Speaking of "Requiem..." My favorite was Brahms Requiem and one for which I actually Won the music script book as an attendance award my last year. My favorite movement was VI, or as we'd know it by its page number, "63." It taught me what a "fugue" is.... While this recording is in German, we'd, of course, sing it in English. We had a baritone soloist who could sing the bejeebers out of the solo part here.

One of the first one's I learned was Greater Love Hath no Man than this...... I almost got to do the "Body on the tree" solo for it 

Another fun one was "Zadok the Priest" but we sang the intro at the same tempo as the other two movements. as heard in this video:

Keep in mind that this was a "men/boys" choir so any of the above parts you see sung by Soprano ladies were (in my case) sung by young treble boys (think Vienna Boys choir) of ages 6-12. The Teen boys (13-18) were the "altos."

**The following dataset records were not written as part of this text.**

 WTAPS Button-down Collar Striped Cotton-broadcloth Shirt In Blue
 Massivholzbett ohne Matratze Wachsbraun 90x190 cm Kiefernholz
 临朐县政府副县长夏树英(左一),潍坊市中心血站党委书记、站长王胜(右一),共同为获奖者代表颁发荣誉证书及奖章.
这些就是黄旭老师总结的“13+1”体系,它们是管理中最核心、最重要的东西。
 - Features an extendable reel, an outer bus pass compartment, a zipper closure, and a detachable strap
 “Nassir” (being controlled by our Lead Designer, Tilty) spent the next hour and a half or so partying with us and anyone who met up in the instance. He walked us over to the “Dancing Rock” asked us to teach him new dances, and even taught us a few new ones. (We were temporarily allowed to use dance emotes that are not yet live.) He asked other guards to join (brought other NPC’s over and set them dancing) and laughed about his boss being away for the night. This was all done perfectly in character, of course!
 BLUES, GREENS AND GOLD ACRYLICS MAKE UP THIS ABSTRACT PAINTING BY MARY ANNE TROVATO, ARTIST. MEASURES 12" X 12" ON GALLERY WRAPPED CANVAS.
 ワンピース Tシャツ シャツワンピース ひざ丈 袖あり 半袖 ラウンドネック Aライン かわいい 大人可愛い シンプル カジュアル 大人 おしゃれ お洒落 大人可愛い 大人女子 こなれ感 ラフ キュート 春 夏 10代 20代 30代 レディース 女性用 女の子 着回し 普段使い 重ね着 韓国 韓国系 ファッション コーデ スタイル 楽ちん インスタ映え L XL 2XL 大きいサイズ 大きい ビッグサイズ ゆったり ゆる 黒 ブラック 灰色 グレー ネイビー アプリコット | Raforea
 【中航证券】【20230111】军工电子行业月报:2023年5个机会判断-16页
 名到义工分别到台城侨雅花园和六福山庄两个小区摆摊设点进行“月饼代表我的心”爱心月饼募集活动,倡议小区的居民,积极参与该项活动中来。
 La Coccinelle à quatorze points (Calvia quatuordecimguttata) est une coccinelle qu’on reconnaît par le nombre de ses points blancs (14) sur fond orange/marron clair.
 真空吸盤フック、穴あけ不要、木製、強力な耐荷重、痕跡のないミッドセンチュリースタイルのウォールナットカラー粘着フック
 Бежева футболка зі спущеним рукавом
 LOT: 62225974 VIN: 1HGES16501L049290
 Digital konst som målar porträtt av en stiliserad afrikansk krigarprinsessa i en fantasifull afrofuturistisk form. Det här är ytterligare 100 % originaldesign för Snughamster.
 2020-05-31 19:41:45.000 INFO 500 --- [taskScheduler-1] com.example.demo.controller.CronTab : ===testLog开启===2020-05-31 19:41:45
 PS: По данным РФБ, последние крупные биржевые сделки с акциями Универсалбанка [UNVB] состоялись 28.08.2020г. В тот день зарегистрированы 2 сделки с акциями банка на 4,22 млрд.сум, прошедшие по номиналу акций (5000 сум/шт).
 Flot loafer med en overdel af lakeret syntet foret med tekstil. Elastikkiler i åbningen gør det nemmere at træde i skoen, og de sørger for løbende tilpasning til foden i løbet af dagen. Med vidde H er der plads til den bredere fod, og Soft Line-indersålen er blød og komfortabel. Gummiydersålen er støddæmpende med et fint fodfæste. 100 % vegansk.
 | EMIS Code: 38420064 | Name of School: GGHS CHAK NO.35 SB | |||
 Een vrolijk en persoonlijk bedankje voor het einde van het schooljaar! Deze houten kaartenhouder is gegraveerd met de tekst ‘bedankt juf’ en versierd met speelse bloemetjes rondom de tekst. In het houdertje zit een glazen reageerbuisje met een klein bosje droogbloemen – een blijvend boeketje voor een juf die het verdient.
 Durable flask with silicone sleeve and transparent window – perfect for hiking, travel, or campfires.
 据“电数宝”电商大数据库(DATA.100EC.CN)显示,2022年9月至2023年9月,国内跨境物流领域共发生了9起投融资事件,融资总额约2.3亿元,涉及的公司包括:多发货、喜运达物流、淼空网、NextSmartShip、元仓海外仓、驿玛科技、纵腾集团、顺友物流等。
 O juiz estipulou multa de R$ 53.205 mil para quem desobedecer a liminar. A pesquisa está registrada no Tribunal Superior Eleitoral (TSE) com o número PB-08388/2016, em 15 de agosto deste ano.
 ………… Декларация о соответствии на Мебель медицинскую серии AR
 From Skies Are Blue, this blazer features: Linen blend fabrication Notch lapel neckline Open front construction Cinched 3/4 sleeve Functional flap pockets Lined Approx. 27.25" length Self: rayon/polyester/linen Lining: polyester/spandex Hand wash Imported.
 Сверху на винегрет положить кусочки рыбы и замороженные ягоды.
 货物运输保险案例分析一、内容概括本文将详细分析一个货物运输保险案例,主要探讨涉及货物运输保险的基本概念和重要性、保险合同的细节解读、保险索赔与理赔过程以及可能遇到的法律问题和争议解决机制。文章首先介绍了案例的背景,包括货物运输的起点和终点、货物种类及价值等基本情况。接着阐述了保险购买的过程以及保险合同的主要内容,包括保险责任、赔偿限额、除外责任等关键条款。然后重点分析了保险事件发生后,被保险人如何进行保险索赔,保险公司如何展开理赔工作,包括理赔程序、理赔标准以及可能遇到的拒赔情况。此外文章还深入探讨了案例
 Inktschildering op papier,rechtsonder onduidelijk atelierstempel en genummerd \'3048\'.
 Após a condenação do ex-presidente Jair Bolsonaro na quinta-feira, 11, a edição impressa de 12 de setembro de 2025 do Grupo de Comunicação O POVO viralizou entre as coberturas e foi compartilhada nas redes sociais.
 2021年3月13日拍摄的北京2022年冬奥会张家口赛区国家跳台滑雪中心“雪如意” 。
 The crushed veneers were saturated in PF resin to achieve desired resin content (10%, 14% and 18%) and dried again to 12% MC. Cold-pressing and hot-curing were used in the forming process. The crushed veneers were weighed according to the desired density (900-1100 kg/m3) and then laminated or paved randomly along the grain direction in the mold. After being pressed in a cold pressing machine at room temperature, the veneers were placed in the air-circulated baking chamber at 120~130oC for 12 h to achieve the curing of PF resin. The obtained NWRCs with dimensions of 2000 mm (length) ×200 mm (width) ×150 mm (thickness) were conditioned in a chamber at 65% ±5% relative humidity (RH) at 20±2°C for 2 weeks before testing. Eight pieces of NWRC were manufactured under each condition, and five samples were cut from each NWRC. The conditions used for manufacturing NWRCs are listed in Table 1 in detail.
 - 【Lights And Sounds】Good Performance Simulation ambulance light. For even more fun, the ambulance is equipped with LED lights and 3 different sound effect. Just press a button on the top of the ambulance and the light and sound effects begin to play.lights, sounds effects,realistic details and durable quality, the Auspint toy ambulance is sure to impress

I could go on, but hopefully this will get the discussion going. Now, a big question and, hopefully, someone will know of a recording. I'm desperately trying to find a YouTube video or some other recording of the "Clokey Te Deum..." It's as if it never existed, but I am here to testify that it did/does. In fact, the score is recorded at two separate places you can see here... Any assistance would be greatly appreciated.

Thanks much!

Regards,
Arnold.


----------